> [TASK ITEM]: Every line from the one containing "Inspark Camp es" to the one containing "En la temática" in the records below, both included, must be set down exactly, and no other line.

> [MATERIAL PROVIDED]:
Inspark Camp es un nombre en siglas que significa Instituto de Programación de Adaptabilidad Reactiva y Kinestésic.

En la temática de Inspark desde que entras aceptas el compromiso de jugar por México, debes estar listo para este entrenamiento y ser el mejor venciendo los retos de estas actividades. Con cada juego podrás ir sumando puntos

* * *

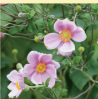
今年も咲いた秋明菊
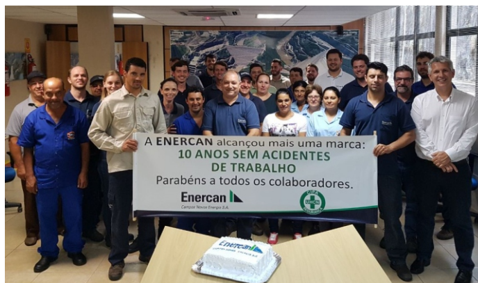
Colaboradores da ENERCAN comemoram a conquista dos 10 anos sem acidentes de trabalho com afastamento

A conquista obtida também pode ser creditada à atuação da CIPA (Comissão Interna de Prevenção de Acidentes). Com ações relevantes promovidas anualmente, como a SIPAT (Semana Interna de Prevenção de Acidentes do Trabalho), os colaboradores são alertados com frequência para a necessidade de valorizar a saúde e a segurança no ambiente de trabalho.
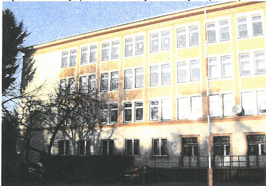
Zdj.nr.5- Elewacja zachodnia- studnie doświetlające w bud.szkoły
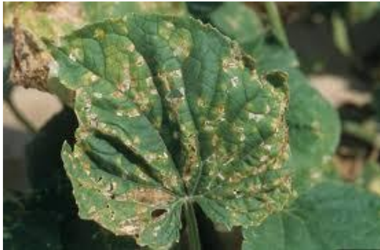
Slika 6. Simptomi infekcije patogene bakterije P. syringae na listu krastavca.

--

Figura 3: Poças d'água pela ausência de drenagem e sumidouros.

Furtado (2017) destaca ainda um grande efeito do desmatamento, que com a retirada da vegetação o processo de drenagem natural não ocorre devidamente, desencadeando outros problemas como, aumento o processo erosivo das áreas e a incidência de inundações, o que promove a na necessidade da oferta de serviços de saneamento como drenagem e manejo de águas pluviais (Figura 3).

> [RESPONSE FOR THIS EXERCISE]:
Inspark Camp es un nombre en siglas que significa Instituto de Programación de Adaptabilidad Reactiva y Kinestésic.

En la temática de Inspark desde que entras aceptas el compromiso de jugar por México, debes estar listo para este entrenamiento y ser el mejor venciendo los retos de estas actividades. Con cada juego podrás ir sumando puntos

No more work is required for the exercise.